Big Brother’s watching: The secret CCTV bunker that monitors our every move
Last updated at 13:17pm on 1st June 2007
In a bunker beneath the bustling streets of central London, guards monitor a grid of closed-circuit television.
The centre, at a secret location, is run by a private company in association with the police and local council.
Polls show broad public acceptance, even if the cameras more often capture a couple in loving embrace than a terrorist about to wreak havoc.
Police say the average Briton is on as many as 300 cameras every day, usually unaware
Britain has more than 4 million closed-circuit security cameras, more than any other Western democracy.
Police say the average Briton is on as many as 300 cameras every day, usually unaware.
The density of surveillance is significantly higher than in any other Western democracy, says Jen Corlew, spokeswoman for Liberty, a London-based human rights group.
Britain has more than 4 million closed-circuit security cameras
“We are sleepwalking towards a Big Brother society, not in one fell swoop but by stages,” warns The Spectator, a conservative magazine.

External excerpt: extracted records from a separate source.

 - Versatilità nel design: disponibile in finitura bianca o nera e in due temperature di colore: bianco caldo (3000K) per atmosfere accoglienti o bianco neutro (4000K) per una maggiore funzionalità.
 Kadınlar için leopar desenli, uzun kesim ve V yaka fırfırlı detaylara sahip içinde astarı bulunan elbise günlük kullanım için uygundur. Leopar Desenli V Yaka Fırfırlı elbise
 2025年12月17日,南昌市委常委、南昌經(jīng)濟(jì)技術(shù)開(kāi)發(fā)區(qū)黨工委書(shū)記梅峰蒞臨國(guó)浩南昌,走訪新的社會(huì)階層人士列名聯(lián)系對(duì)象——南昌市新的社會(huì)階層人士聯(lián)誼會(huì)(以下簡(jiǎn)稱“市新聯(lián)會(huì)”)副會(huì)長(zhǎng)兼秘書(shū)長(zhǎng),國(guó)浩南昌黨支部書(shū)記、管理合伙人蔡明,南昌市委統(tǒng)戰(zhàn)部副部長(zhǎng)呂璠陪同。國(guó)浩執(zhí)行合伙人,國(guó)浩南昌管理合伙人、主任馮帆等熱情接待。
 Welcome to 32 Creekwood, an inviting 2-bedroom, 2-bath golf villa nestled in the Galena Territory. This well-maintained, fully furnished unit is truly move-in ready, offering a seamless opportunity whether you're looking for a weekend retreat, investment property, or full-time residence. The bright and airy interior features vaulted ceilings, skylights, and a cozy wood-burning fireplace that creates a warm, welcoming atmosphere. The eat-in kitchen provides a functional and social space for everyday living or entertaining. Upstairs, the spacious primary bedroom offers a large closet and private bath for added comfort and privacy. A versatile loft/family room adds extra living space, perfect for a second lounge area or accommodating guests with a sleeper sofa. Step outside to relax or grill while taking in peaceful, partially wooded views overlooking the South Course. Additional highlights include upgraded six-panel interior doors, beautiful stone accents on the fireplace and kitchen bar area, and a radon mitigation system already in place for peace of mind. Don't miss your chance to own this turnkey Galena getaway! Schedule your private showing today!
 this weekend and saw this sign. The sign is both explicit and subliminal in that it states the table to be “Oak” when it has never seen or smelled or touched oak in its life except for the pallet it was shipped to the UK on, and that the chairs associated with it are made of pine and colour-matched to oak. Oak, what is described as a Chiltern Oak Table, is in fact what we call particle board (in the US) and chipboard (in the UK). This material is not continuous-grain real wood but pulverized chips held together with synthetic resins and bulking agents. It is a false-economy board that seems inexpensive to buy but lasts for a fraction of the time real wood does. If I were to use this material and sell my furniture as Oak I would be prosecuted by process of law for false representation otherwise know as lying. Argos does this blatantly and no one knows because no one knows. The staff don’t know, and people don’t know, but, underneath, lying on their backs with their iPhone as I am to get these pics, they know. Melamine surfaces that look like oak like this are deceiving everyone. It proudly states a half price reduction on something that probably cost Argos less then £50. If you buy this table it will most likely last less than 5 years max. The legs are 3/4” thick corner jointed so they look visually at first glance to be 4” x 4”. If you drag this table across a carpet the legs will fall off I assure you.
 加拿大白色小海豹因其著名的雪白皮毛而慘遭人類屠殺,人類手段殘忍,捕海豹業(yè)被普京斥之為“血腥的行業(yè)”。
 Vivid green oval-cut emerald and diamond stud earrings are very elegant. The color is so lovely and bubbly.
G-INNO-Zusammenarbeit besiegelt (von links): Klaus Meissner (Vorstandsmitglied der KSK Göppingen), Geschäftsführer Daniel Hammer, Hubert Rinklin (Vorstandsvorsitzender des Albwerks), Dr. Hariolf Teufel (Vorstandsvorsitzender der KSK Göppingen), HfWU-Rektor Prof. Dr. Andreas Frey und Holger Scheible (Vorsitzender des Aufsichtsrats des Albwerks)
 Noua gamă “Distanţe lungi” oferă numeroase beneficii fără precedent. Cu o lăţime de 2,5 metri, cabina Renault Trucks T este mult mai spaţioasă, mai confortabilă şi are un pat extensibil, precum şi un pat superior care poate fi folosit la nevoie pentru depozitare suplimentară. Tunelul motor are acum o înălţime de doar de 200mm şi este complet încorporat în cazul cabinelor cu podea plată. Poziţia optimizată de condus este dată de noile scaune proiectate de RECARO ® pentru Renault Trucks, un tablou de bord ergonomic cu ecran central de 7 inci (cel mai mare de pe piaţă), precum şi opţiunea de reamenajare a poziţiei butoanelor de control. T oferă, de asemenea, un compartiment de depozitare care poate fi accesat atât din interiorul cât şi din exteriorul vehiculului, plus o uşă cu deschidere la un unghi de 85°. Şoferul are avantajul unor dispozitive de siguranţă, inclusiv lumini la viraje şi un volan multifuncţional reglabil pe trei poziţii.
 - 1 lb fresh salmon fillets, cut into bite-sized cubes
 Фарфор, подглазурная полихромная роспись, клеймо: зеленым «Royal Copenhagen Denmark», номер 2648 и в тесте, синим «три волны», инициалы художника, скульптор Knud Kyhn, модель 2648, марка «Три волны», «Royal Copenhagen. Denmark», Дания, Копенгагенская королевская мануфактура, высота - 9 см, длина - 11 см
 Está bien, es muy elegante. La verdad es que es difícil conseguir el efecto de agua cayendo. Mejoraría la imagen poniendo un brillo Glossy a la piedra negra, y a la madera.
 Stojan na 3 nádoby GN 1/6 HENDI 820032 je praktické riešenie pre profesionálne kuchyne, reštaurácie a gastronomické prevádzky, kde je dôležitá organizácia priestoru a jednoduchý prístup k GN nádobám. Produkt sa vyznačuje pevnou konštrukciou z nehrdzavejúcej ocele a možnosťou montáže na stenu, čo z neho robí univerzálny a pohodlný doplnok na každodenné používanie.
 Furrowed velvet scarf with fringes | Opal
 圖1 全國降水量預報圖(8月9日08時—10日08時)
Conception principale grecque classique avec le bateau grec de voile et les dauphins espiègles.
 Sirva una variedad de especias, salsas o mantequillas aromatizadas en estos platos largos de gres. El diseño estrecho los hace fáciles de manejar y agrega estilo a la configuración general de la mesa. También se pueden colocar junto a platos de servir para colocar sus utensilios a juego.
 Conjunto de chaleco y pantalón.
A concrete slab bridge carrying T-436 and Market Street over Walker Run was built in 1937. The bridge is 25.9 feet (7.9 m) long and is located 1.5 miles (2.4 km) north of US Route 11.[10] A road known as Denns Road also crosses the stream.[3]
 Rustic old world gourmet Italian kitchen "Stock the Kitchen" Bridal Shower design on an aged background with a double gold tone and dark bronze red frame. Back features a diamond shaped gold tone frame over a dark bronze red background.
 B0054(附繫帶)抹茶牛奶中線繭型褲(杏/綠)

“There is no boot stamping on a face: just an ever more insistent foot in the door.”
But the vast majority of 4,000 people surveyed in 2005 said they believed that tapping phones, opening mail and following terror suspects were a price worth paying to stay safe, according to British Social Attitudes Report – an annual survey released in January.
Some 81 percent thought tapping telephones and opening mail were prices worth paying. For terrorism suspects, 80 percent supported electronic tagging.
The British seem to have rallied around the idea that some long-accepted freedoms may have to be curbed in the face of a common enemy – in much the way an earlier generation made sacrifices during World War II.
“When it comes to people’s safety, I don’t think they can go too far,” said Jonathon Walkes, 29, a London lawyer.
“For the most part, we just go about our lives knowing that people are watching. I’m still rowdy after a night at the pub.”
British authorities say people shouldn’t worry about the close surveillance – unless they’re doing something wrong.
“We appreciate that the cameras and some of the other measures are seen as invasive, but only people who really have something to worry about should be concerned,” David Morgan, a Metropolitan Police Chief Superintendent, said on a tour of the bunker.
As he spoke, a series of seemingly private moments unfolded – ranging from a young couple stepping into the shadows for a kiss to a driver sneaking into a restricted bus lane.